Not a Punchline in Sight
Friday marked my last day at the VA. My one-year rotation is up, and I'm moving on. After six months in the outpatient clinic and five-plus months in the inpatient psychiatric unit--I did diagnostics as well as individual and group therapy on both rotations--I am left with the feeling that I have just scratched the surface of what I'm really trying to learn. This was the most profound experience of my working life, and it was easily the most important work I've ever done. Nothing is a close second.
It really was a remarkable experience, in that it was exceptionally hard, but unbelievably rewarding. Some days I came home and worried, worried, worried. I was moved to many throat-lumps and more than a few tears during the actual work when on the job, and I stayed awake at night thinking about the people with whom I worked more than a few times. There were some moments that were very much life-or-death. There were times when I was very green--an absolute novice. Scared and unsure and insecure.
But at the same time, the work was phenomenal, the staff was brilliant, and the Vets were the best group of people I've had the honor to work with.
I will miss that place. Tuesday will come, and I will be sad not to have the 6:00 a.m. wake-up call and traffic tie-up on the way to the VA.
Contrary to popular belief, I will very likely never make any real money at this job...I'll be able to pay back my loans over a couple decades and I'll be able to pay my rent, and that's about it. But if I leave the hardest job I've ever had, after it brought me to tears and wore me out after working many long, emotional hours for free...and yet I will miss it?
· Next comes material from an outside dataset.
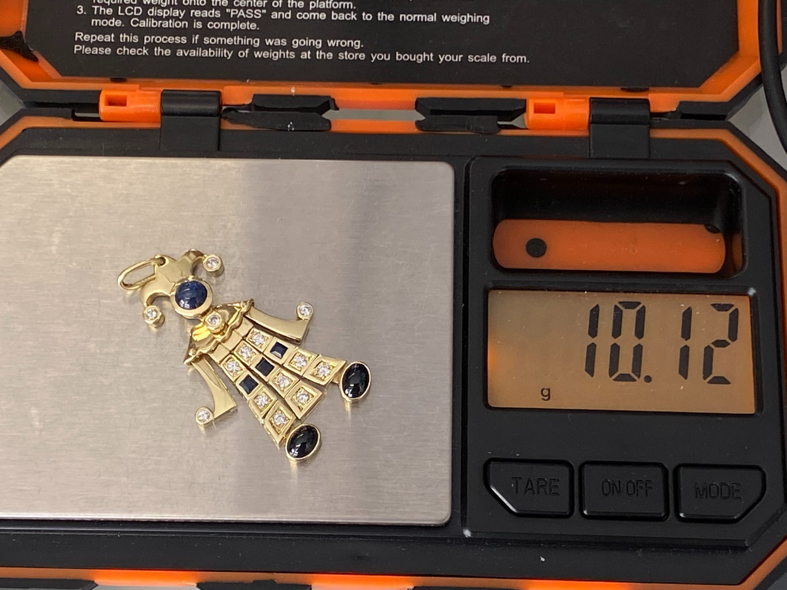 HARLEKIN ANHÄNGER GOLD 14K 10,12g DIAMANTEN 0.37ct UND SAPHIRE 1.39ct
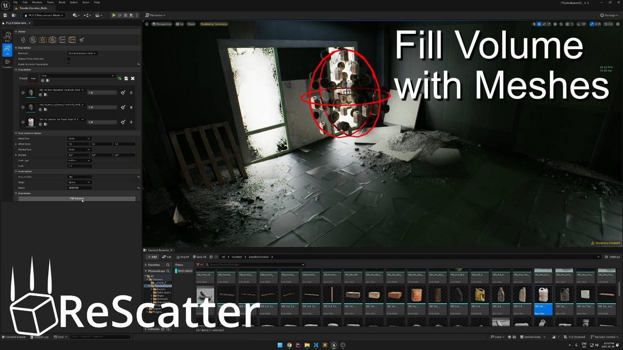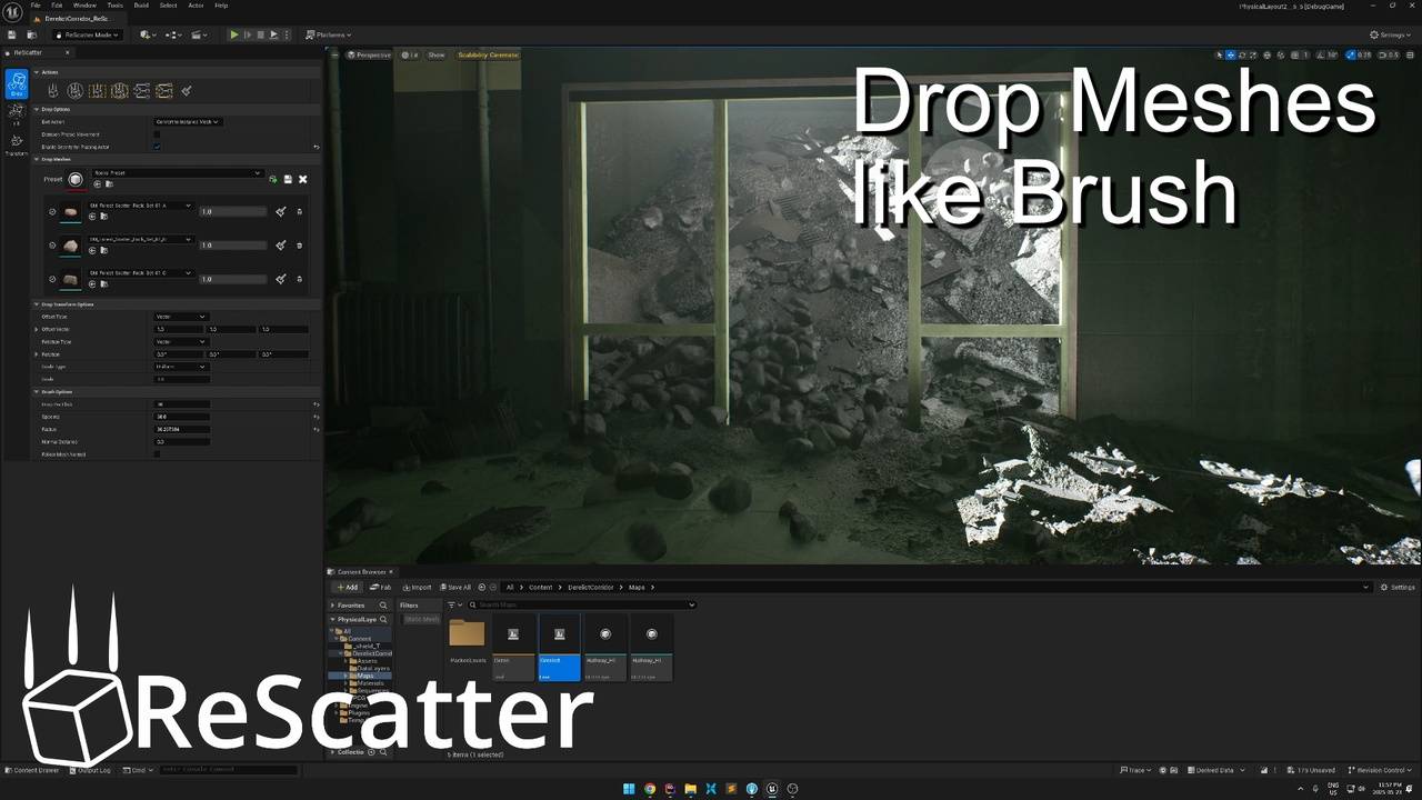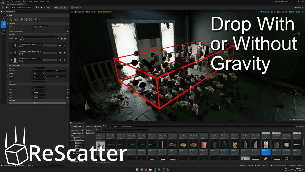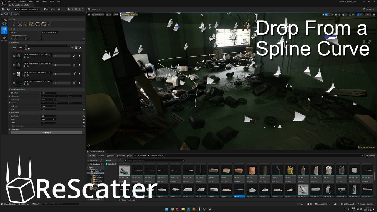 ue5物理布局工具。很多人都在用它来将物体实际散布在地图上。现在非常激动地宣布 ReScatter 1.0 版本发布。现在它是一款功能强大且外观现代的工具,还新增了一些功能,例如在球体、立方体、圆形甚至样条曲线等形状体积中散布对象。您可以将参考网格和笔刷设置保存为预设,以便以后使用。它还支持虚幻引擎的撤销/重做系统。兼容性支持的虚幻引擎版本5.5 – 5.6

Badly?
What that means is that for the next two years, as my finances crumble and my personal life disintigrates into a tiny box as I finish classes and I write a dissertation and apply for the 300 jobs in a pool of 700 highly qualified people (internship), I will still have no doubt whatsoever that I really really really really really want to do this forever.
2 Comments:
Teo
Some people go their entire lives with out finding something that challenges them deeply.
You are actually rich. In experience. For everything else there's Mastercard.
You're doing what you really really really really really want to do? That, my friend, is a wonderful, wonderful thing. Truly a gift.
You made me smile today.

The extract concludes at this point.